*Your assignment*
Could you restate word for word each line from the top of the listing below through the line containing "West of the"? Keep the pictures out.

*Raw data*
☆ ☆ ☆ ☆

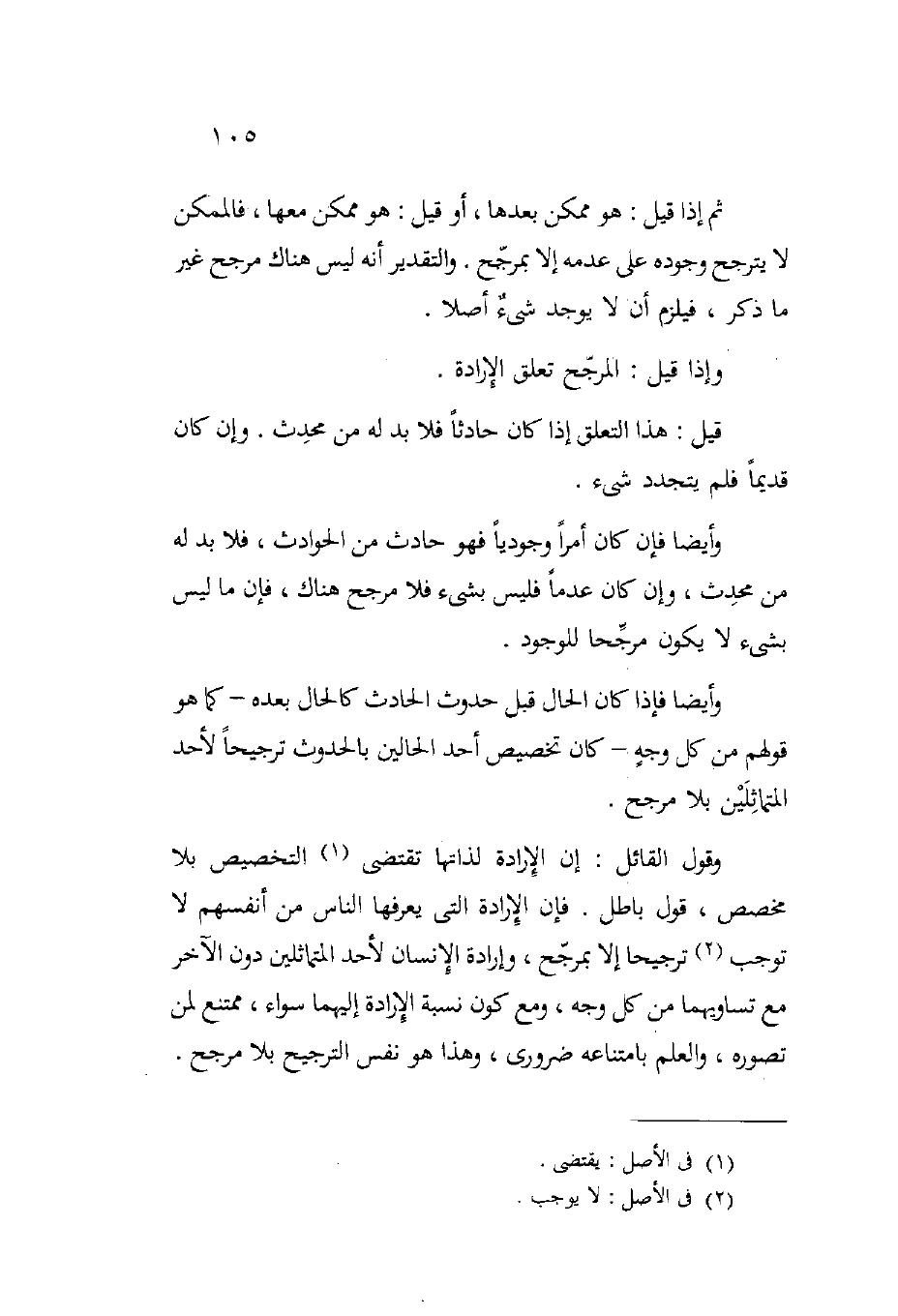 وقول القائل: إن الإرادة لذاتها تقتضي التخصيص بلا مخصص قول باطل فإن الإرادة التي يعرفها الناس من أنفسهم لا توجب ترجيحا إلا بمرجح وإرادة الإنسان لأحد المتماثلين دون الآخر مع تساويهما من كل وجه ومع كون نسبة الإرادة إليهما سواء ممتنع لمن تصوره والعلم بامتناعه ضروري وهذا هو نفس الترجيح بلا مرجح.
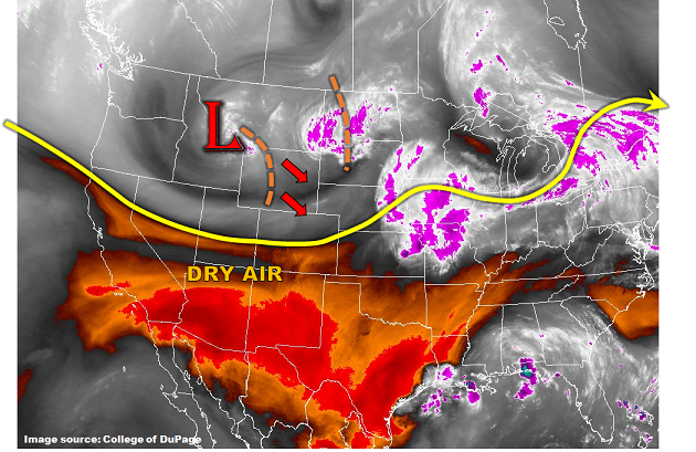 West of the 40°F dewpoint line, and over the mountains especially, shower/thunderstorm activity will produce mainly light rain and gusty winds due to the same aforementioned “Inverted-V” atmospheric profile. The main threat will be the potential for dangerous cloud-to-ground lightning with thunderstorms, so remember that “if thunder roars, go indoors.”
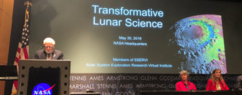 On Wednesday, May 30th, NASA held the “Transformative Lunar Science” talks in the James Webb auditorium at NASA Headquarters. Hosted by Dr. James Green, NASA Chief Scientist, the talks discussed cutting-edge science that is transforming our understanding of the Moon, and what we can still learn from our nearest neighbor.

☆ ☆ ☆ ☆

*Exercise output*
 وقول القائل: إن الإرادة لذاتها تقتضي التخصيص بلا مخصص قول باطل فإن الإرادة التي يعرفها الناس من أنفسهم لا توجب ترجيحا إلا بمرجح وإرادة الإنسان لأحد المتماثلين دون الآخر مع تساويهما من كل وجه ومع كون نسبة الإرادة إليهما سواء ممتنع لمن تصوره والعلم بامتناعه ضروري وهذا هو نفس الترجيح بلا مرجح.
 West of the 40°F dewpoint line, and over the mountains especially, shower/thunderstorm activity will produce mainly light rain and gusty winds due to the same aforementioned “Inverted-V” atmospheric profile. The main threat will be the potential for dangerous cloud-to-ground lightning with thunderstorms, so remember that “if thunder roars, go indoors.”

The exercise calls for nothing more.